The Trump administration promised the electorate that it would fix trade imbalances that cost American jobs, and so amped up its rhetoric ahead of President Donald Trump’s meeting with Chinese leader Xi Jinping on April 6 and 7.

“Thousands of factories have been stolen from our country. ... Under my administration, the theft of American prosperity will end,” Trump said on March 31. The administration has toyed with the idea of imposing tariffs or implementing a so-called border adjustment tax, penalizing imports and providing tax breaks for exports. These measures would reduce the trade deficit, the net tally between a nation’s exports and imports, but they would also distort supply chains and probably lead to retaliation from trading partners.

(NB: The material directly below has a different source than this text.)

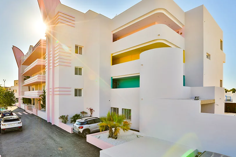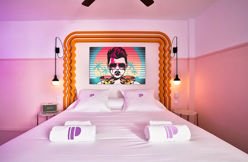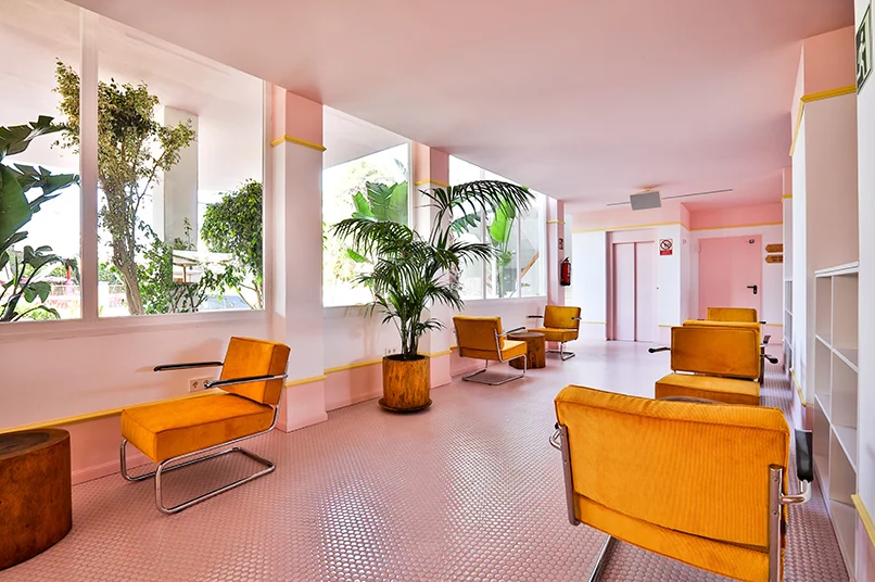 擁有霓虹色的paradiso ibiza藝術酒店位于邁阿密和孟菲斯之間。這是對酒店裝修的一種慶祝,它點綴著20世紀20年代的裝飾藝術風格和20世紀80年代的孟菲斯風格。這個度假勝地被恰如其分地命名為藝術酒店,它試圖通過其色彩設計讓游客沉浸在當代藝術中。

But what if, despite the documented Chinese cheating in trade, it is not trade that is the problem? In that case, there would have to be another reason for the $502 billion U.S. trade deficit in 2016—one that’s hiding in plain sight and that could open up new options for fixing the imbalances.

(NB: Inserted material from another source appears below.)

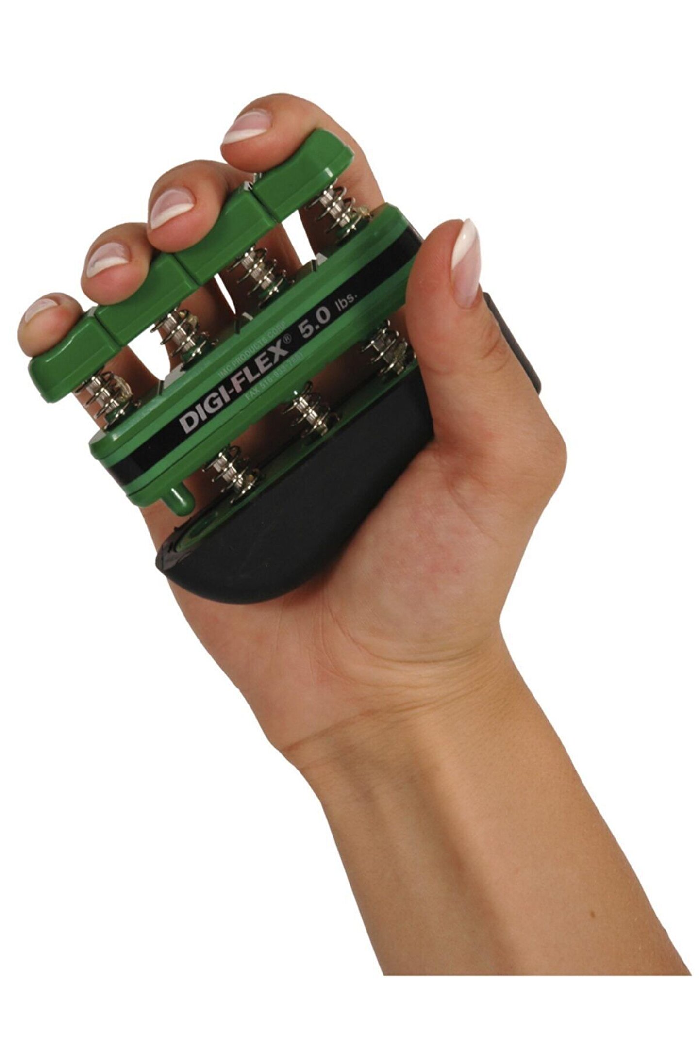 Digi; Flex'in her bir parmak için ayrı ayrı yaylarla kuvvetlendirilmiş butonları sayesinde güçsüz parmaklar yüzünden güçlülerin çalışmasını engellemez; Bu özellik, daha kolay, hızlı ve başarılı rehabilitasyon süreci geçirmenizi sağlar; 5 ayrı direnç/renk ürün mevcuttur; Farklı direnç ölçülerinin olması terapistlerin gelişimi ölçmesini sağlar; Dirençler Sarı / 0; 7kg Kırmızı / 1; 4kg Yeşil / 2; 3kg Mavi / 3; 2kg Siyah / 4; 1kg;;

New research suggests free trade in investment capital leads to imbalances in the trade account. The traditional view is that a trade deficit in goods needs to be financed by exporting assets like Treasury bonds and real estate so that the two accounts balance out. Capital pays for the goods, and the country’s external balance nets out to zero.

However, Richard Koo, chief economist at the Nomura Research Institute, thinks the trade in capital is now more important than trade in goods.

“Some 95 percent of all currency trading now consists of capital transactions, with trade-related transactions accounting for just 5 percent of total activity. The market’s original role as a mechanism for preventing trade imbalances from getting out of hand via currency adjustments has been lost as a result,” he wrote in a February report.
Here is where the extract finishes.